A cost reflective tariff is one that reflects the detailed cost of generating, transmitting and distributing electricity for the consumers’ use and enjoyment thus making this cost one that is borne by the consumers. The body responsible for regulating and approving electricity tariffs is the Nigerian Electricity Regulatory Commission (NERC). NERC in carrying out its duties established a methodology for regulating electricity prices called the Multi-Year Tariff Order (MYTO). MYTO provides a 15-year tariff model with minor review occurring semi-annually and major review every 5 years. It sets the wholesale and retail prices for electricity in the industry thus for the power sector to be properly funded and functional, MYTO has to set cost-reflective tariffs. Another key objective of MYTO is to ensure fair prices to consumers but yet sufficient enough to finance and recover cost plus profits for the licensees and all sector participants.

The generation, distribution and transmission companies all agree that their failure to meet the expectations of Nigerians is due to the current tariff falling short of the CRT. DisCos argue that although the electricity distribution business is fully privatized, it is 100% completely regulated meaning that the quantity of electricity contractually sold to the DisCos is regulated while NERC regulates the tariff. DisCos have no control over the quantity and price which is what leads to revenue meanwhile there has been increases in generation cost without a corresponding increase in retail tariffs.

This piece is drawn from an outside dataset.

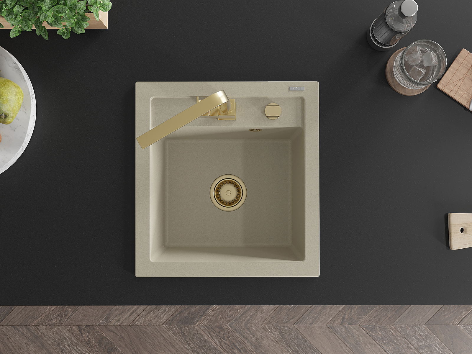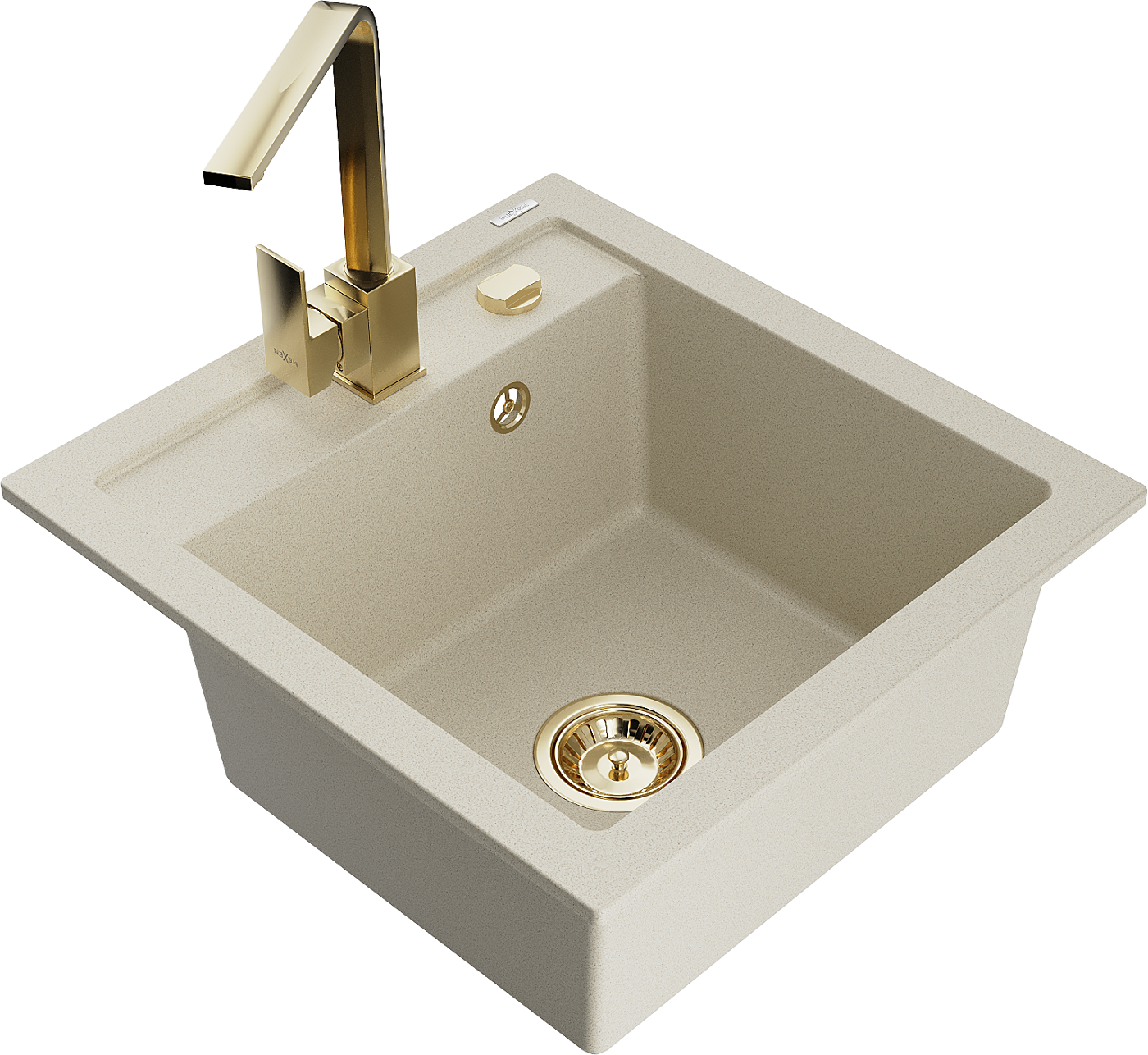 Mexen Vito zlewozmywak granitowy 1-komorowy z baterią kuchenną Rita, beżowy - 6503-69-670300-50

This lack of a cost reflective tariff has resulted in major disinterest by investors and financiers in financing on grid power projects as they have no guarantee on return on investments. Late in 2019, Azura Power, Nigeria’s first privately-financed power plant in Edo State acquired a new power plant in Senegal and invested funds which could have been deployed in Nigeria[1]. The Managing Director Edu Okeke stated that this was based on the lack of cost-reflective tariffs which has discouraged investments.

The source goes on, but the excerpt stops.